Calcium mobilization assay
A calcium mobilization assay was performed as previously described (22). Briefly, RBL-FPR cells were detached and HL-60 cells collected by centrifugation. Cells were loaded with 5 μM Fluo-4/AM in HBSS supplemented with 2.5 mM probenecid for 45 min and then washed twice with HBSS. Cell suspensions were plated onto 96-well plates at a density of 60,000 cells in 100 μl of medium per well. Cells were reattached by centrifugation, incubated with or without test compounds for 15 min before the addition of fMLF or WKYMVM (10 nM each for RBL-FPR cells and 2 nM fMLF for HL-60 cells), and then analyzed for calcium mobilization using FlexStation (Molecular Devices) with the excitation wavelength at 485 nm and the emission wavelength at 525 nm. Calcium mobilization assay for RBL-FPRL1 was conducted similarly except that 2 nM WKYMVm was used. For calcium mobilization in chemokine-stimulated cells, freshly prepared human neutrophils or THP-1 monocytic cells were loaded with Indo-1 and stimulated with 10 nM of IL-8 or MCP-1, respectively. Calcium influx was determined using a spectrofluorometer, as described previously (19).
Degranulation assay
The amount of β-hexosaminidase released from RBL-FPR cells was measured as reported previously (23). In brief, cells (2 × 105/well) were cultured overnight in 24-well tissue culture plates. They were then washed twice with HBSS and incubated for 5–8 min with or without test compounds at different concentrations before the addition of fMLF (100 nM) or WKYMVm (200 nM). The reaction was terminated 10–15 min after stimulation by placing the plate on ice. The amount of β-hexosaminidase secreted into the medium was determined by incubating 20 μl of supernatant or cell lysate with 10 μl of 1 mM p-nitrophenyl-N-acetyl-β-d-glucosamide in sodium citrate buffer (0.1 M; pH 4.5) at 37°C for 1 h. At the end of the incubation, 200 μl of 0.1 M Na2CO3 and 0.1 M NaHCO3 (pH 10) was added. Absorbance at 405 nm was determined in a VersaMax tunable microplate reader (Molecular Devices). Total cellular β-hexosaminidase was determined with cell lysate in 0.1% Triton X-100. Data are collected from several experiments and presented as the percentage of total β-hexosaminidase released.

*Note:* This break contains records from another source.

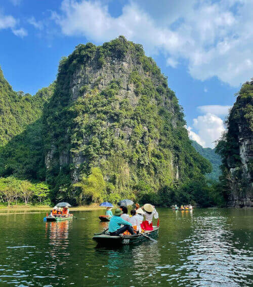 세부일정 1일차 - 일부 장소 방문 첫째 날에는 닌빈에서 가장 유명한 3곳인 짱안,땀꼭 - 빅동,호아루 구시가지를 방문해야 합니다. 아침의 목적지는 짱안입니다. 이 경치 좋은 단지는 석회암 산을 굽이치는 푸른 강과 함께 많은 신비한 자연 동굴을 형성하는 아름다운 자연 경관을 보유하고 있습니다. 여기에서 강을 따라 보트에 앉아 자연의 신선한 공기를 즐기고 Trang An의 경치를 감상할 수 있습니다. 3번 루트,2번 루트에서 보트를 선택하면 Trinh 사원,Tran 사원,Tu Tru 사원을 포함한 3개의 영적 작품을 더 감상할 수 있습니다. 장안 입장권은 1인당 250,000 VND,주차비는 20,000 VND입니다. "Trang An의 풍경은 매우 아름답습니다. 방문자는 여전히 시원할 때 7-8시에 와야합니다. 오전 9시에 도착하여 11:30까지 보트에 앉아 있었기 때문에 꽤 맑았습니다. "라고 Lich는 말했습니다.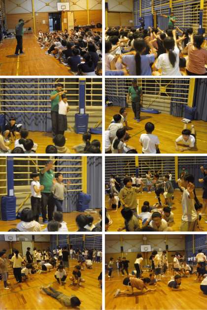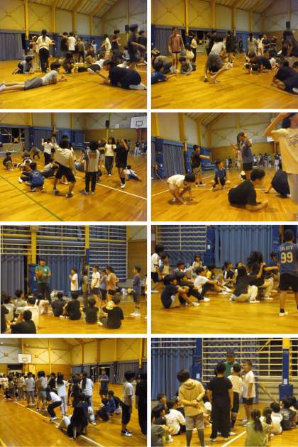 キャンプファイヤーを1日目に繰り上げて行ったため、今日の夜は体育館で指導員の方によるレクリエーションを行いました。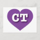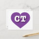 This postcard features a vibrant purple heart containing the bold, white, upper case letters CT, the official abbreviation for Connecticut, the constitution state. The reverse side of the postcard is blank awaiting your handwritten sentiments or customised text.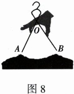 12. 由于木质衣架没有弹性,在挂衣服的时候不太方便操作. 小明设计了一种衣架,在使用时能轻易收拢,然后套进衣服后松开即可. 如图8,衣架杆OA = OB = 16 cm,衣架收拢时,∠AOB = 60°,则此时A、B两点之间的距离是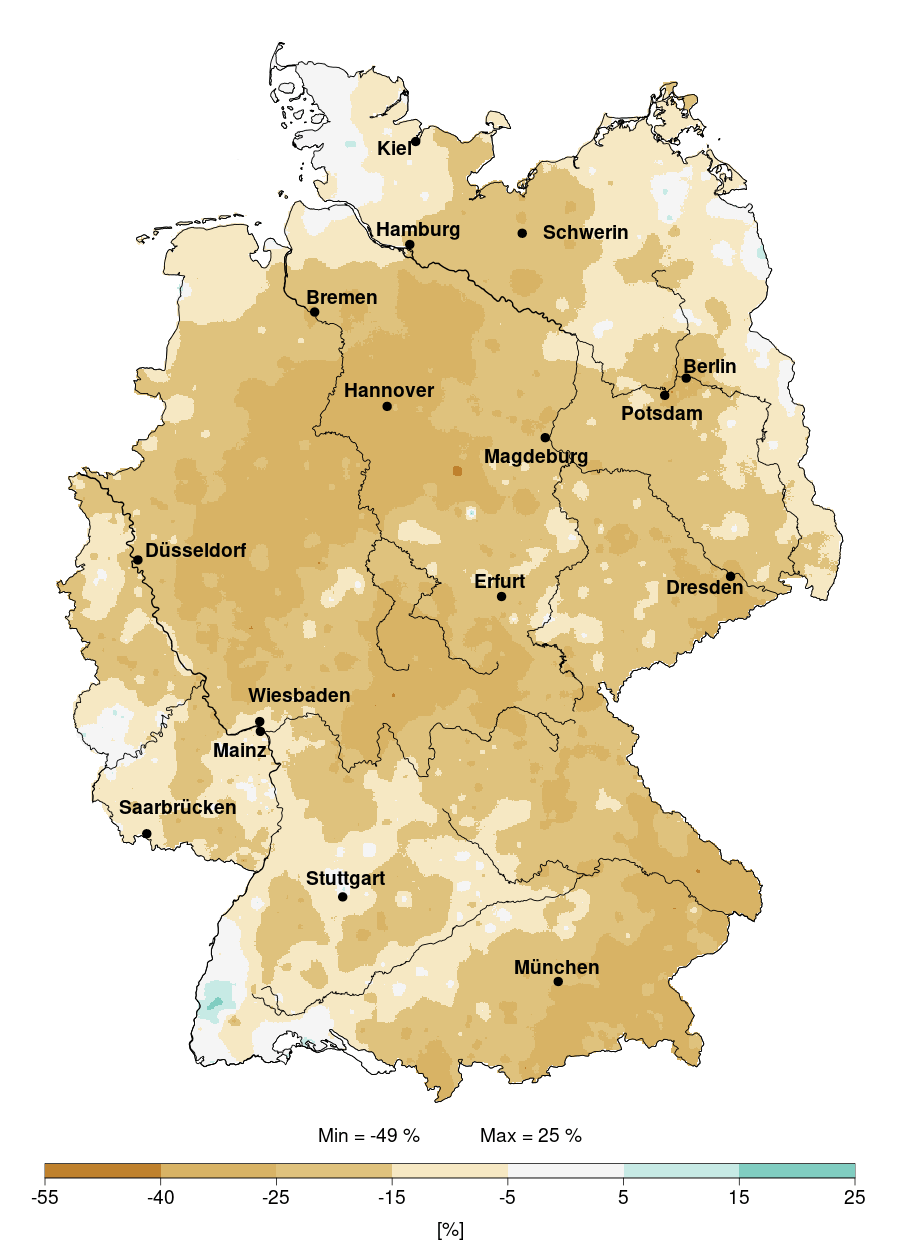 Karte: Veränderung der jährlichen Niederschläge in Deutschland im Jahr 2025 (in Prozent)

For β-hexosaminidase release induced by FcεRI cross-linking, RBL-2H3 cells were incubated with monoclonal anti-DNP IgE (clone SPE-7 from Sigma-Aldrich; 1/5,000 or 0.2 μg/ml) for 16 h. Following a brief wash with HBSS-HB (20 mM HEPES (pH 7.4) and 0.2% BSA), cells were preincubated with 10 μM cytochalasin B for 15 min on ice and then 15 min at 37°C. The indicated amounts of inhibitors were added for 5 min at 37°C before cell stimulation with DNP-BSA (GE Healthcare Bio-Sciences) for 10 min at 37°C. The degranulation reaction was terminated and the amount of secreted β-hexosaminidase was quantified by incubating 20 μl of supernatant with 10 μl of 1 mM p-nitrophenyl-N-acetyl-β-d-glucosamide in 0.1 M sodium citrate buffer as described above.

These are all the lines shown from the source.